Petrakopoulou Paraskevi, Anthopoulou Lydia, Muscholl Michael, Klauss Volker, von Scheidt Wolfgang, Uberfuhr Peter, Meiser Bruno M, Reichart Bruno, Weis Michael

机构信息

Medizinische Klinik und Poliklinik I, Ludwig-Maximilians University of Munich, Munich, Germany.

出版信息

J Am Coll Cardiol. 2006 Apr 18;47(8):1622-9. doi: 10.1016/j.jacc.2005.10.073. Epub 2006 Mar 27.

Abstract

OBJECTIVES

This study aimed to compare changes in coronary endothelial function, systemic endothelin-1 (ET-1) levels, and vascular remodeling in heart transplant recipients randomized to cyclosporin A (CyA) or tacrolimus (Tac) immunosuppression.

BACKGROUND

Functional endothelial abnormalities and intimal thickening are sensitive measures of early cardiac allograft vasculopathy (CAV).

METHODS

The randomized, prospective study was performed in two groups of 22 patients, maintained on Tac or CyA and mycophenolate mofetil immunosuppression, 1 and 12 months after heart transplantation. We investigated epicardial luminal diameter, coronary blood flow velocity, and ET-1 plasma levels at 1 and 12 months after transplantation. Structural coronary alterations were determined using intravascular ultrasound.

RESULTS

Epicardial vasomotor function at baseline and during follow-up was comparable between the groups. Deterioration of microvascular endothelial function during follow-up was significantly enhanced in the CyA versus Tac group (p < 0.05).
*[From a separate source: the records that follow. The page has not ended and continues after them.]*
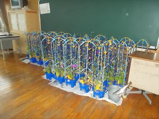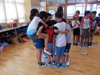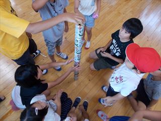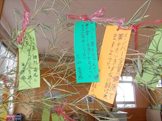 7月4日 投稿日時 : 2017/07/05 学校サイト管理者 4日(火)は朝から台風で雨風が強かったです。その中でも子どもたちは元気に登校していました。1年生のアサガオと2年生のミニトマトは室内に避難です。6年生教室前には、笹竹が設置され、子どもたちが短冊に願いごとを書いていました。2時間目、なかよし学級では、交流会の発表の練習をしていました。業間から3校時は児童集会です。縦割り班に分かれて、いろいろなゲームをして楽しんだり交流したりしました。空き缶を積み上げるゲームです。10個積み上げるのはなかなか大変です。新聞紙の上に何人乗れるか競争です。ボールを前の人から後ろの人に送り、その時間を競っています。企画したのは総務委員です。準備は大変でしたか、みんなが喜んでくれてやりがいがあったようです。休み時間です。女の子たちがトイレのスリッパをきれいに並べてくれていました。昼過ぎには雨風も弱まり、放課後は水泳記録会に向けての練習ができました。最後は自由時間もあり、楽しく遊ぶことができました。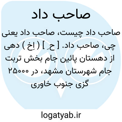 صاحب داد. [ ح ِ ] ( اِخ ) دهی از دهستان پائین جام بخش تربت جام شهرستان مشهد، در 25000 گزی جنوب خاوری تربت جام، سر راه مالروعمومی تربت جام به قلعه حمام. جلگه، معتدل و سکنه 272 تن شیعه و حنفی ( ؟ ) فارسی زبان، آب آن از قنات و محصول آن غلات، پنبه، تریاک و شغل زراعت، مالداری است.راه مالرو دارد. ( از فرهنگ جغرافیائی ایران ج 9 ).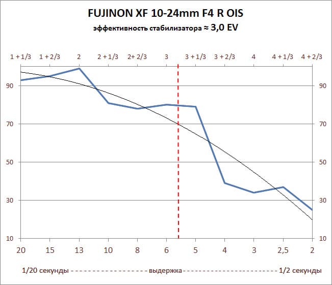 Последняя часть нашей лабораторной работы — определение эффективности стабилизатора. Здесь можно сразу представить график, по которому видно, что оптический стабилизатор может «подарить» нам примерно 3,16 ступени EV.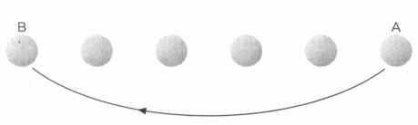 Фейнман рассуждал таким образом. Представим, что мы перемещаем атом из точки А в точку В на длинном расстоянии. Если новая конфигурация должна иметь единую плотность, тогда необходимо преобразование других атомов, и один атом должен перемещаться, чтобы занять оставшееся пустое место. Перемещая очень отдаленный атом, мы будем пытаться поверить, что выходящее состояние должно сильно отличаться от начального. Но об этом можно забыть, когда речь идет о бозонах: даже при взаимозаменяемости очень удаленных атомов гелия мы сохраняем такую же конфигурацию, так как в действительности мы обмениваем идентичные бозоны (рисунок 1). Только волновая функция будет изменена, если перемещение из А соответствует хотя бы половине средней дистанции между соседними частицами. В этом случае новая конфигурация будет отличаться от начальной (рисунок 2).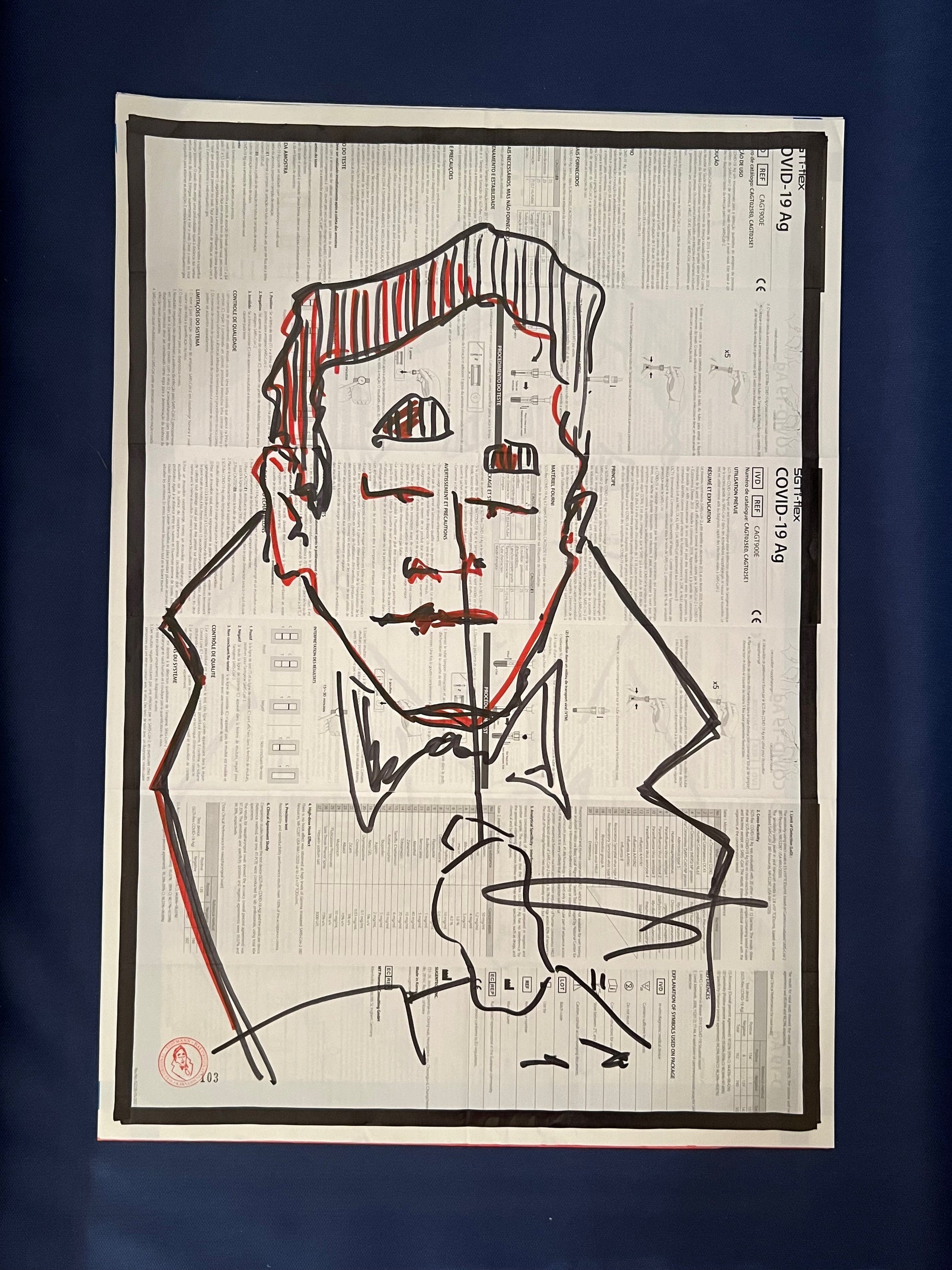 Eine Zeichnung des sich selbst testenden Coronatestmann mit Edding in Rot und Schwarz auf dem Beipackzettel eines Corona-Antigentests. Dieses Original ist signiert sowie datiert im August 2021 und trägt die fortlaufende Nummer 103.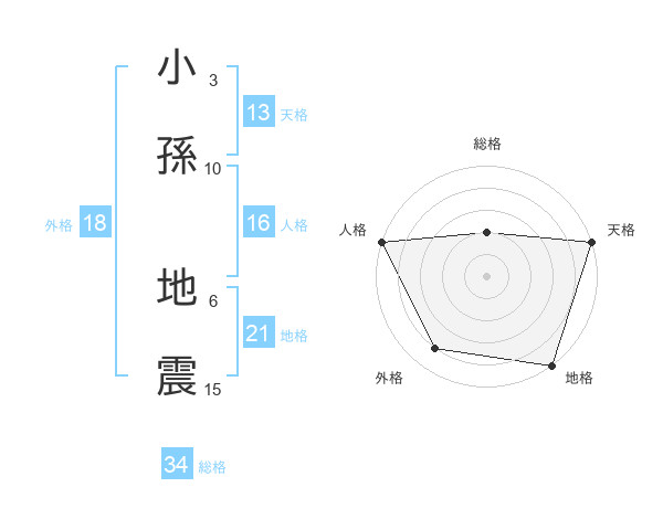 小孫 地震さんの地格は21画の5点!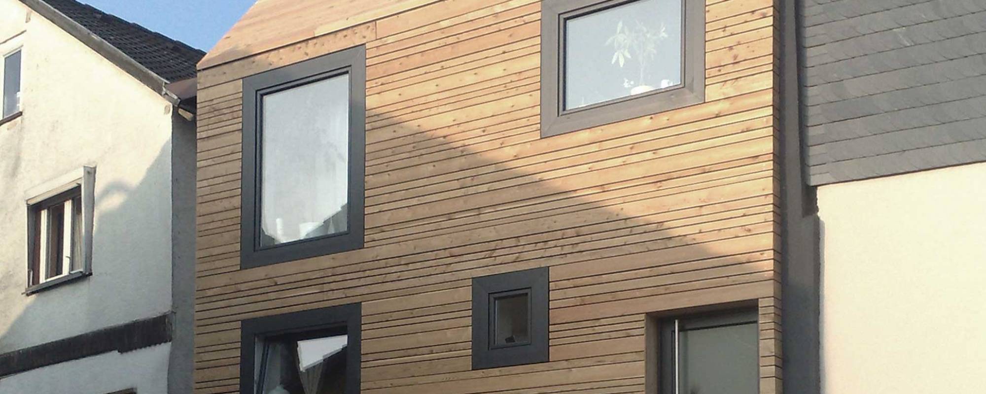 Der Umbau des kleinen Hauses beinhaltet die Schaffung von großzügigem Wohnraum auf einer kleinen Fläche im historischem Umfeld. Das Gebäude soll zeigen, was moderne Architektur in ländlichen Gegenden leisten kann und somit ein gutes Beispiel für modernes Wohnen auf dem Land darstellen. Die alte vorhandene Bausubstanz wurde sorgsam rückgebaut, Erhaltenswertes für die Bewohner konserviert. Der ausgebaute Lehm der Gefache fungiert als Putz, alte Eichebalken wurden z.B. als Fensterbänke oder Möbel wieder verwendet. Die Entfernung des vorhandenen PVC-Belags auf den alten Treppenanlagen gehörte genauso wie die Aufarbeitung der Holz- und Terrazzostufen zum Umfang der Umbaumaßnahme. Des Weiteren wurde ein besonderes Augenmerk auf die Gestaltung der Gebäudefassade gelegt. Die vorhandene Rauputzfassade wurde gedämmt und durch eine hinterlüftete flächenbündige unbehandelte Lärchenholzschalung ersetzt und stellt somit einen nachhaltigen Bezug zur Fachwerkbauweise der Umgebung her. Die Verwendung und Gestaltung der ursprünglichen Materialien wurde auf moderne Weise neu interpretiert. Um den zeitgemäßen Umgang mit der alten Gebäudesubstanz darzustellen wurden alle Fassadendetails deutlich reduziert und in Einklang mit der ländlichen Umgebung gebracht. Seine einfache Erscheinung wurde durch den nicht sichtbaren Übergang von Fassade und Dach fortgesetzt. Da das Grundstück komplett durch das Gebäude überbaut ist und somit keine privaten Außenbereiche vorhanden sind, wurde eine Dachterrasse mit Burgblick auf der Gebäuderückseite integriert.
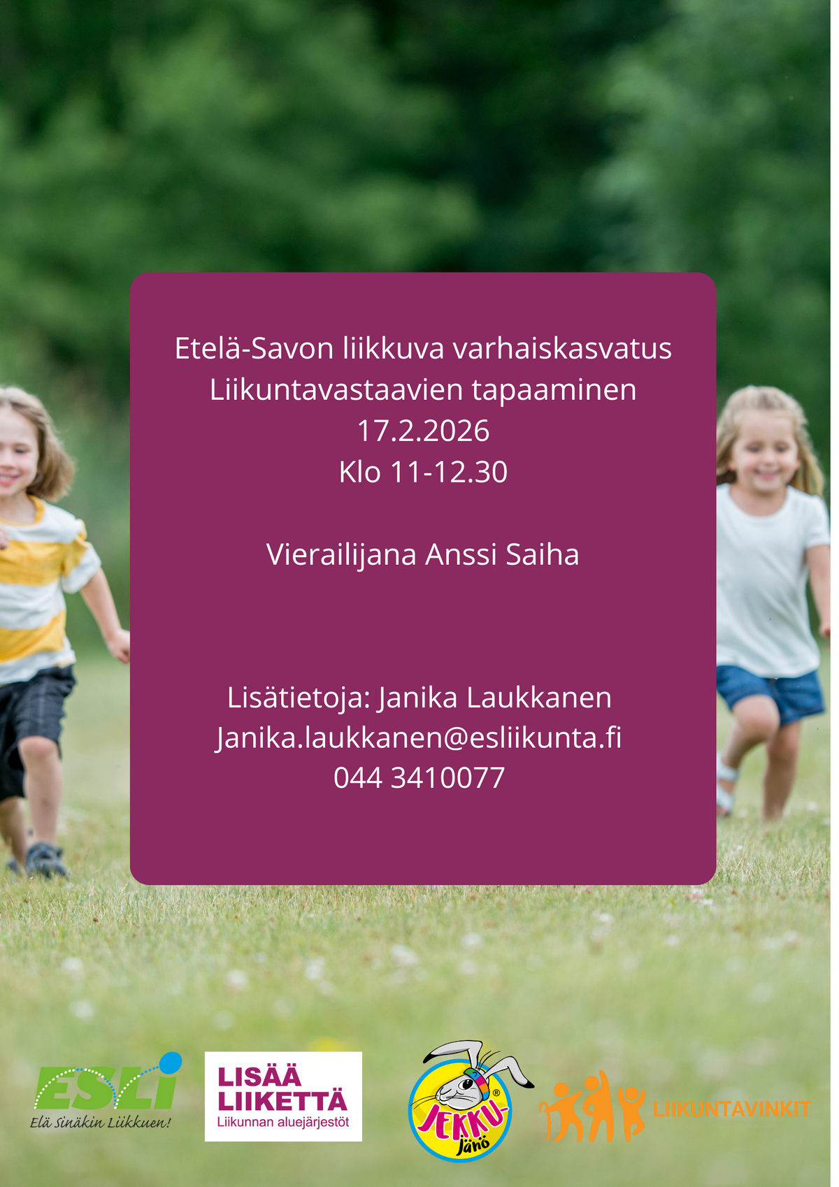 https://www.esliikunta.fi/lapsetjanuoret/liikkuva-varhaiskasvatus/liikuntavastaavien-verkostotapaamin/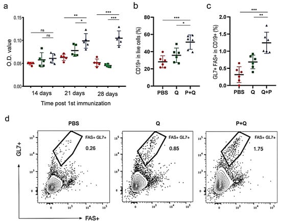 Humoral immune responses against SARS-CoV-2 S proteins. (a) Comparison of humoral responses among groups of mice injected with PBS (marked in red), QuickAntibody (in green) and Peptide + QuickAntibody (in blue), respectively. The level of total IgG was measured by ELISA. (b) The percentages of B-cells (CD19+ cells) in live cells. (c) The percentages of GC cells (FAS+GL7+ cells) in CD19+ cells. (d) Flow cytometry showing the larger percentage of FAS+/GL7+ cells in the peptide-treated mice. PBS, Q, P+Q represent mice injected with PBS, mice with QuickAntibody and mice with peptide vaccines plus QuickAntibody, respectively. * p < 0.05; ** p < 0.01; *** p < 0.001; ns: not significant.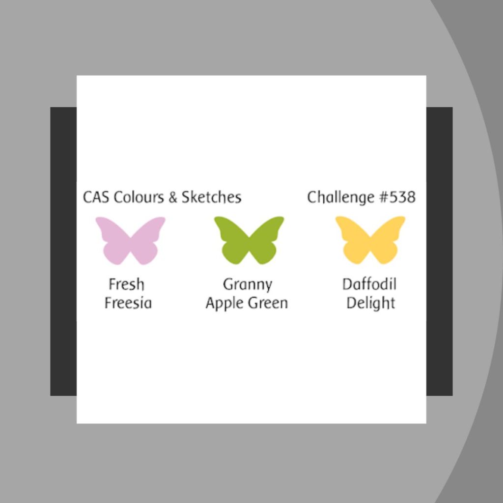 I chose to create a clean and simple card for CAS Colours & Sketches (#538) using the current color palette and picked the Tuesday Morning (#760) Sketch.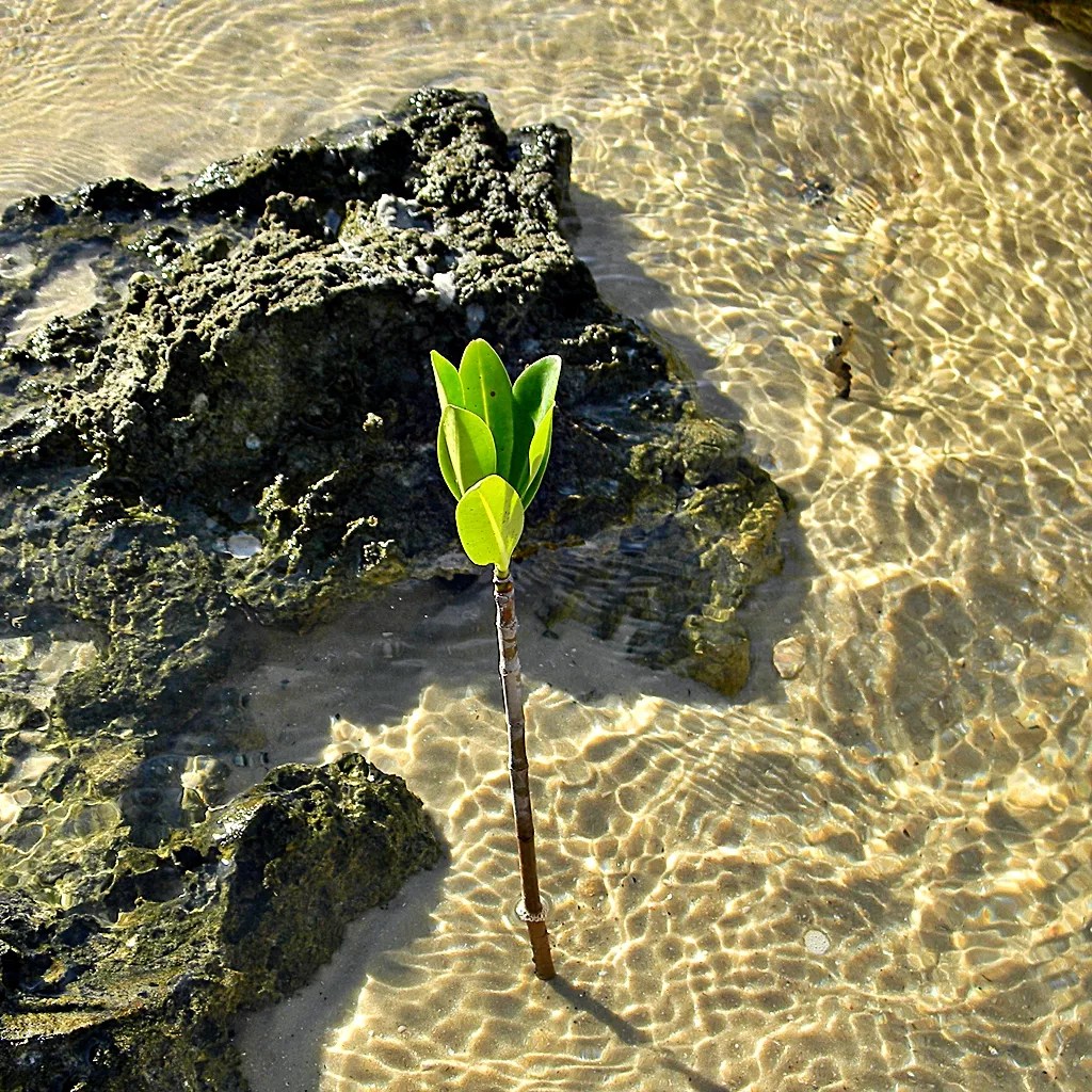 A young red mangrove propagule growing on Munyon Island.

Circulating ET-1 concentration increased in the CyA group but significantly decreased over time in the Tac group (CyA +17% vs. Tac -25%; p < 0.05). The time-dependent increase in mean intimal area was significantly enhanced in the CyA versus Tac group, whereas the vessel area significantly increased during follow-up in the Tac compared with the CyA group.

CONCLUSIONS

Epicardial endothelial function is comparable between CyA- and Tac-treated patients. Microvascular endothelial function deteriorates more in CyA-treated patients, a finding that correlates with enhanced ET-1 concentration and an increased intimal area during follow-up. The mean vessel area in the Tac group increased over time, indicating positive vascular remodeling. Tac is superior to CyA with respect to microvascular endothelial function, intimal thickening, and vascular remodeling.